Let
- $(E,\mathcal E,\mu)$ be a measure space
- $E_0\in\mathcal E$ with $\mu(E_0)\in(0,\infty)$
- $n\in\mathbb N$
- $B_1,\ldots,B_n\subseteq\left.\mathcal E\right|_{E_0}:=\left\{B\cap E_0:B\in\mathcal E\right\}$ be disjoint with $$\biguplus_{i=1}^n=E_0\tag1$$
- $f:E\to[0,\infty)$ be $\mathcal E$-measurable with $$c:=\int f\:{\rm d}\mu\in(0,\infty)$$ and $$\nu:=\frac1cf\mu$$
I would like to show that $$\frac1n\sum_{i=1}^n\frac1{\mu(B_i)}\int_{B_i}f\:{\rm d}\mu\xrightarrow{n\to\infty}\frac1{\mu(E_0)}\int_{E_0}f\:{\rm d}\mu.\tag2$$
As kimchi lover noted, there might be a probabilistic proof available utilizing the martingale convergence theorem. Obviously, $$\operatorname E_\nu\left[f\mid B\right]=\frac1{\mu(B_i)}\int_{B_i}f\:{\rm d}\mu\;\;\;\text{for all }B\in\mathcal E.\tag3$$ Now, I guess we consider the filtration $\mathcal F_1,\ldots,F_n$ where $\mathcal F_i$ is the $\sigma$-algebra on $E$ generated by $B_1\uplus\cdots\uplus B_i$. We should obtain $$\operatorname E_\nu\left[f\mid\mathcal F_j\right]=\operatorname E_\nu\left[f\mid B_i\right]\;\;\;\text{almost surely on}B_i\tag4$$ for all $1\le i\le j\le n$.
However, I'm still struggling how we can conclude.
Best Answer
This is not true in general.
Notation: for each $n$, we make a partition $\{B_n^j\}_{j=1}^m $ of $E_0$ into $m$ cells, where $B_n^j$ is the jth cell in the nth partition.

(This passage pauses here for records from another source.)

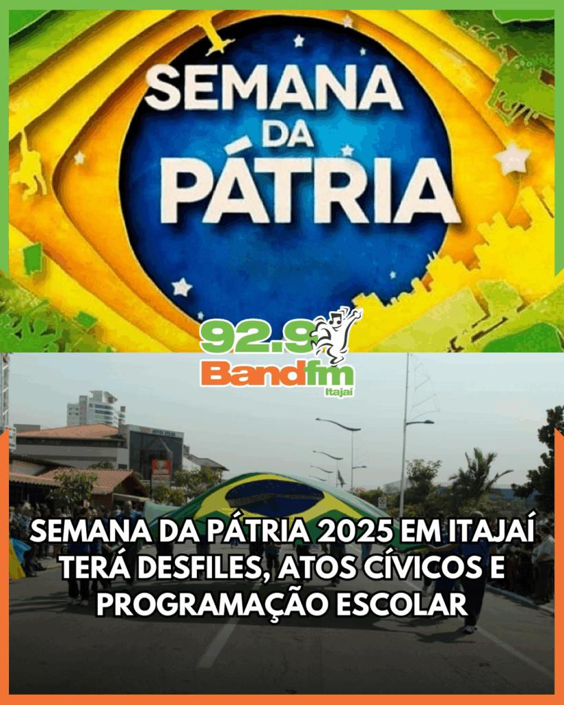 Itajaí inicia nesta segunda-feira (1º) a Semana da Pátria 2025, que segue até o dia 7 de setembro com o tema “Itajaí no caminho, Brasil no coração”. A abertura oficial será às 9h, na Praça Governador Irineu Bornhausen, com presença de autoridades, execução de hinos pela Banda Filarmônica e apresentações de estudantes da rede municipal.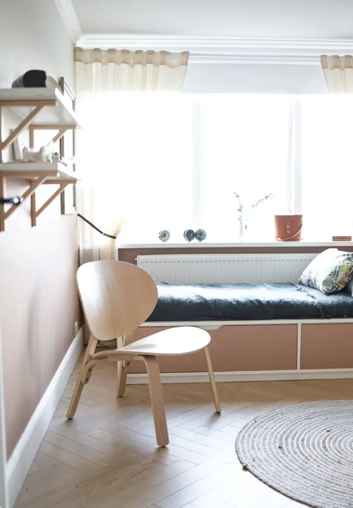 Ég leyfi myndunum bara að tala sínu máli en við erum alsæl með þennan hlýja leirlit sem við völdum á herbergið og húsgögnin.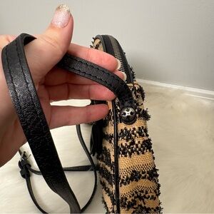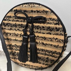 Adorable round crossbody bag with bow and straw striped detailing on the front. Inside has one zip pocket with plenty of storage. 8” x 8”. Strap is 24”. Leather straw material and a faux suede inside. Great condition!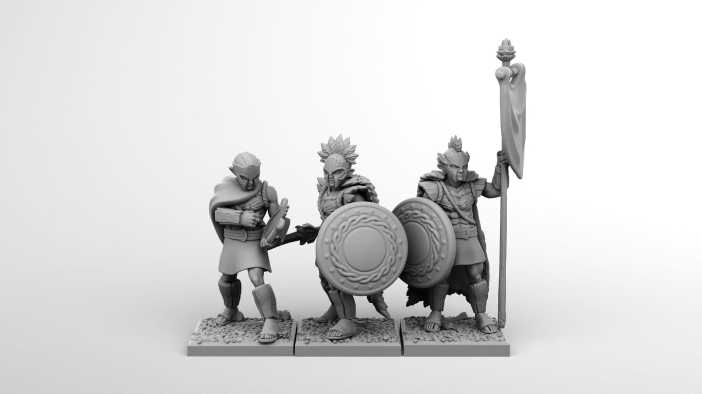 Grupo de mando de elfos silenos, fantásticas miniaturas con estilo griego
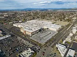 Aerial view of the mall facilities and surrounding environment facing northeast from the corner of North Division St. and Wellesley Ave. Mount Spokane can be seen in the distance.
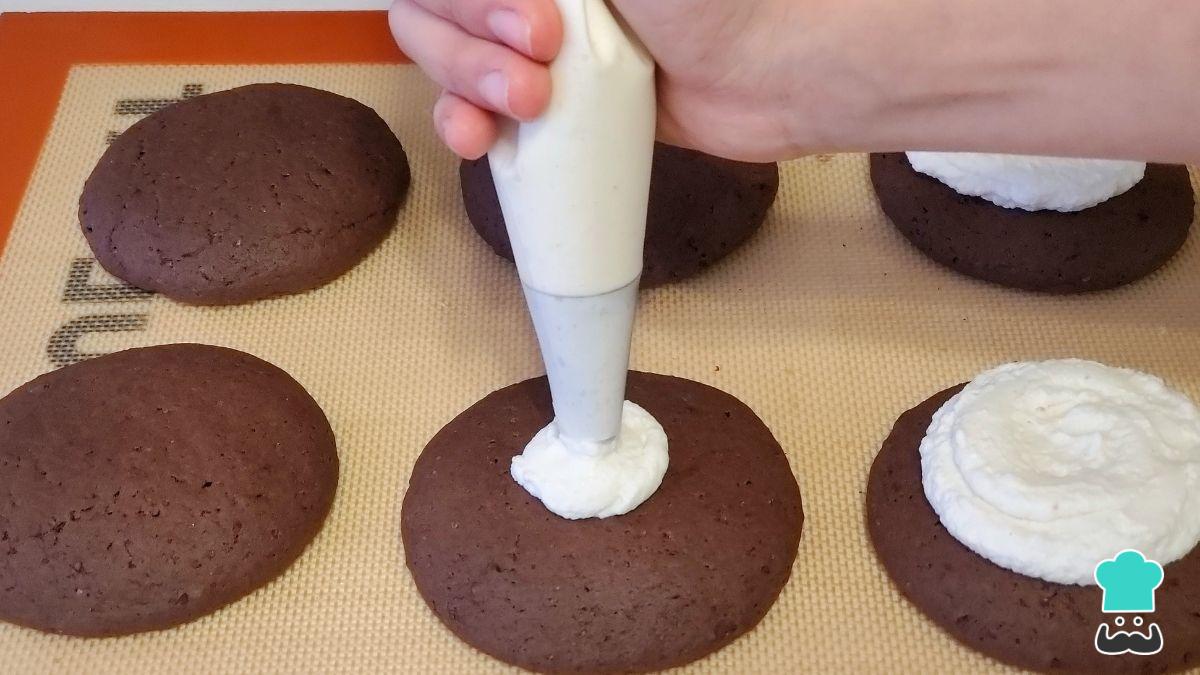 Coloca la crema encima de las galletas decorando con una manga y una boquilla lisa.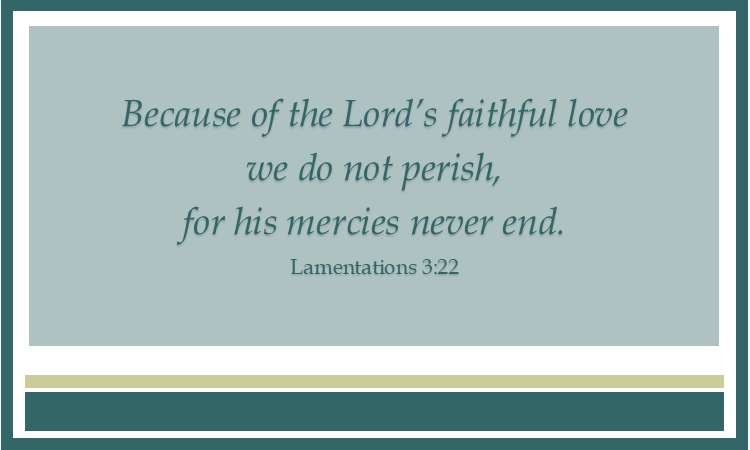 When we look at the whole of Lamentations, these verses are significant because the book shows the desolation and despair God’s people were experiencing following the destruction of Jerusalem. We can relate as we may find ourselves in complete ruin. Yet in the middle of this book, in the middle of our own consequences and experiencing the deep sorrow and mourning of our sin, we can experience God’s steadfast love and faithfulness.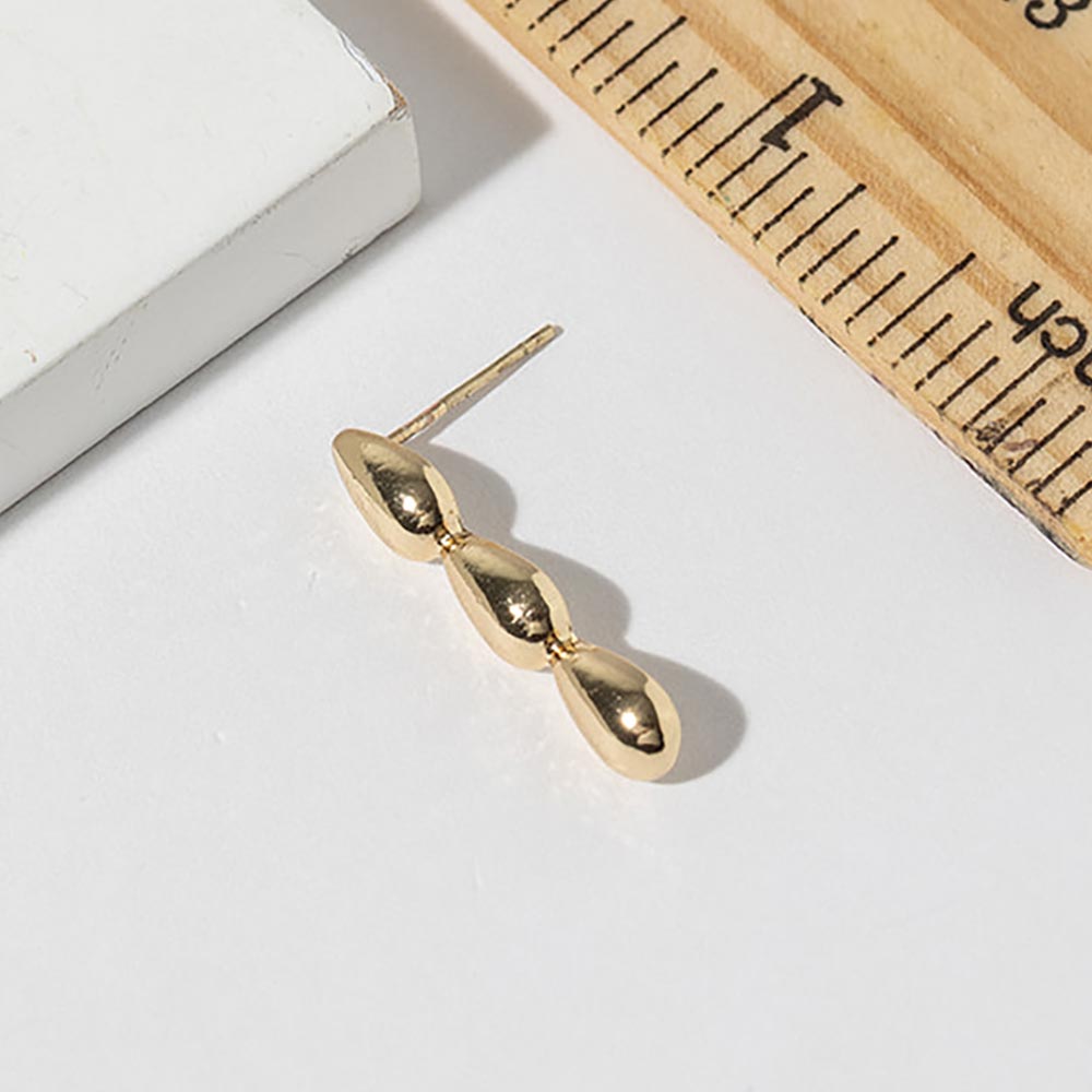 Details • Size : 0.2" X 0.9" • Elegant stud earrings featuring a sleek triple drop design with softly rounded shapes arranged in a vertical silhouette. Designed to add subtle movement and refined style, these studs are perfect for everyday wear, work outfits, and dressy occasions, offering modern simplicity and timeless appeal for any jewelry collection. • Gold Dipped • Lead and Nickel Compliant • Made In Korea • Sterling Silver Post

Let $E_0=[0,1]$ and let $\mu$ be the Lebesgue measure on $\mathbb{R}$. Let $f$ be the indicator function for $[1/2,1]$ (or a smooth approximation thereof). At stage $n$, let $B_n^m = [1/2,1]$ and let $B_n^1$ through $B_n^{m-1}$ be some partition of $[0,1/2)$ where each cell has positive measure. Then, $\mu(E_0)^{-1} \int_{E_0} f d\mu = 1/2$, but $$\frac{1}{m} \sum_{j=1}^m \frac{1}{\mu(B_n^j)}\int_{B_n^j}fd\mu=\frac{1}{m}\frac{1}{\mu(B_n^m)}\int_{B_n^m}fd\mu=\frac{1}{m}\longrightarrow 0.$$
Addendum: of course, the reason why you might expect your statement to hold is our intuition from when we divide $E_0$ into cells which are all equal size. But in this case the result holds true at every stage (not just in the limit), since $\mu(B_n^j)=\frac{\mu(E_0)}{m}$ and a convenient cancellation occurs.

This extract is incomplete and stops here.